Wednesday, May 4, 2022

Chin Seeks 2.5 Year Sentence Reduction

By Walter F. Roche Jr.

The lawyer for a former pharmacist facing a 10.5 year prison term argued today in a federal apppeals court hearing that a U.S. District Court judge erred when he tacked on another 2.5 years to his sentence for racketeering and related charges.
James Sultan, the lawyer for Glenn Chin, the former pharmacist, told a three judge panel that his client had no way of knowing that the drugs he was preparing contained a deadly fungus.
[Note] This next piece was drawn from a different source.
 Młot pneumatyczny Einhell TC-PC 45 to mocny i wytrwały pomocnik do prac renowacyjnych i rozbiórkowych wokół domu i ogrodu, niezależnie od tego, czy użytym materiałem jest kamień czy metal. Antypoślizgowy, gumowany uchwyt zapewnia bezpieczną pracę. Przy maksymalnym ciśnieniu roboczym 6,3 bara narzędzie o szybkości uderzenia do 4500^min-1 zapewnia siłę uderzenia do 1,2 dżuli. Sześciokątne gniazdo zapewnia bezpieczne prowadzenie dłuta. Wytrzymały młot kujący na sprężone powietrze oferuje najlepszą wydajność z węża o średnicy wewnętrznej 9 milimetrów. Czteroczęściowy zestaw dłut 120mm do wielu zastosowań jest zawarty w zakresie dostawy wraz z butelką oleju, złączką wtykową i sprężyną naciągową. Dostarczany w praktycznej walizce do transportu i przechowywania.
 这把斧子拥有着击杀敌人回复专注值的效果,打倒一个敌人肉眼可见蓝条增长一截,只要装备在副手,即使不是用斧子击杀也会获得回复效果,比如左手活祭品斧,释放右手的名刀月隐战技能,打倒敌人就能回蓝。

Chin was the supervising pharmacist at the now defunct New England Compounding Center, the company blamed for the 2012 fungal meningitis outbreak which ultimately took the lives of more than 100 patients. Arguing in the 1st Circuit Court of Appeals in Boston, Mass., Christopher Looney, representing federal prosecutors, said the outbreak victims represented the very definition of vulnerable victims and the 10.5 year sentence should remain in place.
Looney also argued that Chin clearly knew or should have known that the drugs he was preparing could, if contaminated, lead to death or serious injury.
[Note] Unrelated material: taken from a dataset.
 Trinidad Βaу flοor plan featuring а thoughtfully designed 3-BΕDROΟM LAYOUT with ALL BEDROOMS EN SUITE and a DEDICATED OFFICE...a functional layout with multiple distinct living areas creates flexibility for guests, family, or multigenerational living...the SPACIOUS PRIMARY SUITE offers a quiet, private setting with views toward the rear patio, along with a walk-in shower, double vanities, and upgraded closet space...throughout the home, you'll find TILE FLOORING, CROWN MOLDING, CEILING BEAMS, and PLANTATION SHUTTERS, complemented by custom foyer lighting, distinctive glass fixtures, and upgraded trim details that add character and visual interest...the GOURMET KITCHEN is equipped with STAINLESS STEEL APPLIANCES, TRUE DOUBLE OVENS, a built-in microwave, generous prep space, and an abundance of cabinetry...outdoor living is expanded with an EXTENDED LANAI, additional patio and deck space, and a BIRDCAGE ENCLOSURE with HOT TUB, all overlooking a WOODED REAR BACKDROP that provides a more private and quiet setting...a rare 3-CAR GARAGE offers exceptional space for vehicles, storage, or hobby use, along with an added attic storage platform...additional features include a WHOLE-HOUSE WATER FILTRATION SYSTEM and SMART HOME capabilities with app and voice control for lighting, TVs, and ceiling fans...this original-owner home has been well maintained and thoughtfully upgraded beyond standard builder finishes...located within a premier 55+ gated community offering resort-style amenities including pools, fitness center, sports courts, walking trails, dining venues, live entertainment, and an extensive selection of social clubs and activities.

Sultan, however, stated that Chin had been preparing the same drug, preservative free methyl prednisolone acetate, for years without incident.
Chin and co-defendant Barry J. Cadden, are currently awaiting trial in Livingston County Michigan on multiple charges of second degree murder in the deaths of 11 patients who were injected with the same spinal steroid.
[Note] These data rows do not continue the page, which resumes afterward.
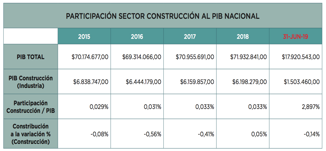Para finalizar con este análisis hemos visto prudente establecer la situación macro del sector de la construcción y actividades inmobiliarias, a través de una comparación con el aporte de esta actividad al Producto Interno Bruto (PIB) durante los años del estudio. Es importante considerar que las cifras oficiales incluyen obra pública y privada, y por lo tanto abarcan mucho más que la inversión en construcción de inmuebles para vivienda, urbanizaciones, oficinas o locales comerciales.
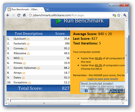 統計:本項目由Google Chromium 9.0.595.0取勝,平均為840分。
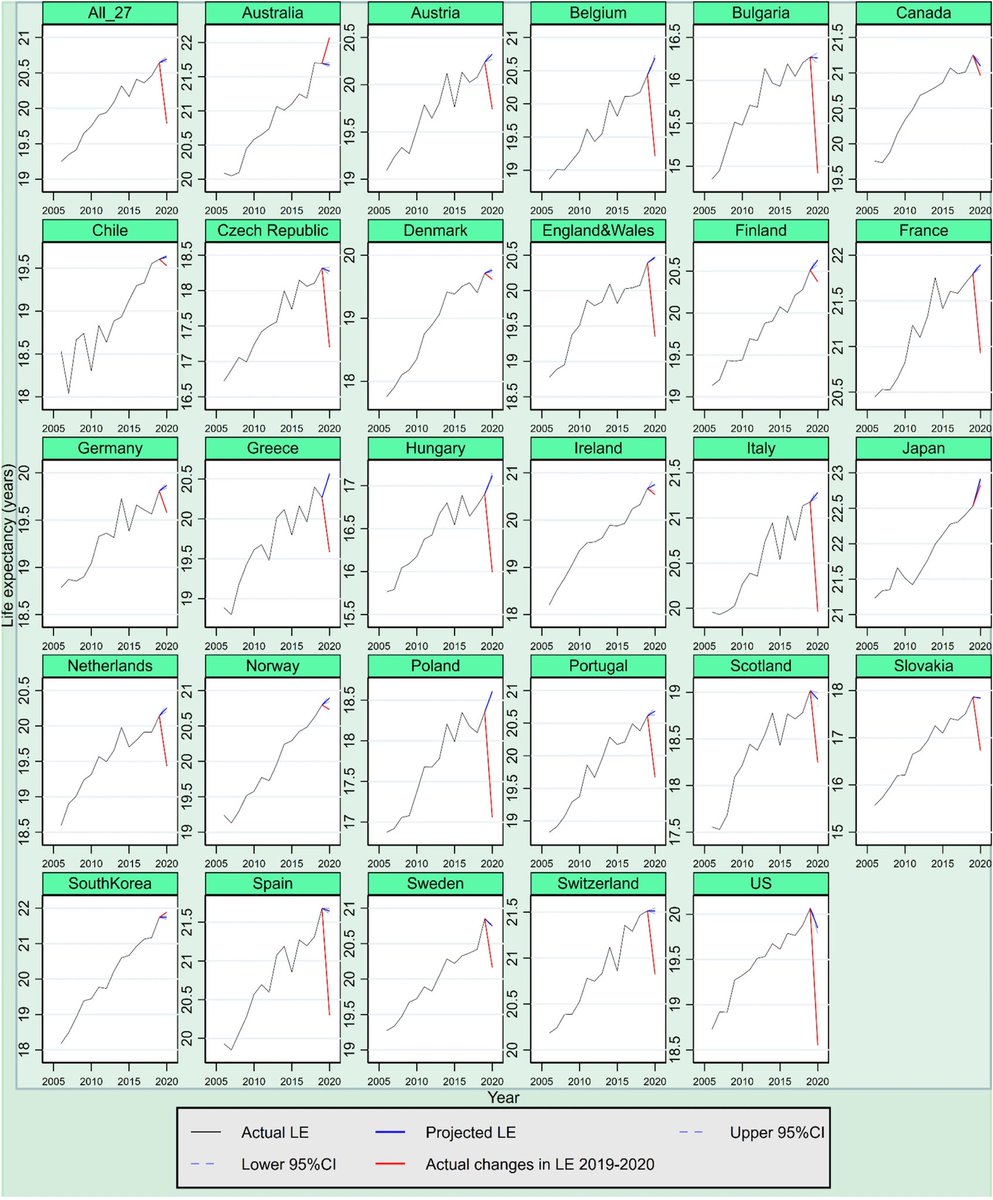 zeigen, dass die Lebenserwartung in 21 der 27 Länder im Jahr 2020 voraussichtlich gestiegen wäre, wenn COVID-19 nicht stattgefunden hätte. Unter Berücksichtigung der erwarteten Sterblichkeitsveränderungen zwischen 2019 und 2020 zeigt die Studie, dass der Verlust an
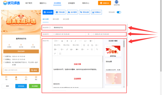 再者,在【活动设置】中,编辑活动信息,包括活动名称、时间、简介。

The Michigan Supreme Court yesterday denied Chin's motion to have the second degree murder charges thrown out. (See related story) The 10.5 year sentence was set by U.S. District Court Judge Richard G. Stearns after the same appeals court concluded that the original eight year sentence set by Stearns was too lenient. But in today's hearing Looney was asked whether Stearns might have over-read their prior ruling.
Looney responded stating that Chin was aware of the risks involved in injecting drugs into a patient's spinal column.
He cited the trial testimony of a former NECC employee who recounted a conversation he had with Chin in which the risks of such injections were discussed.
Following 45 minutes of arguments, the panel took the case under advisement.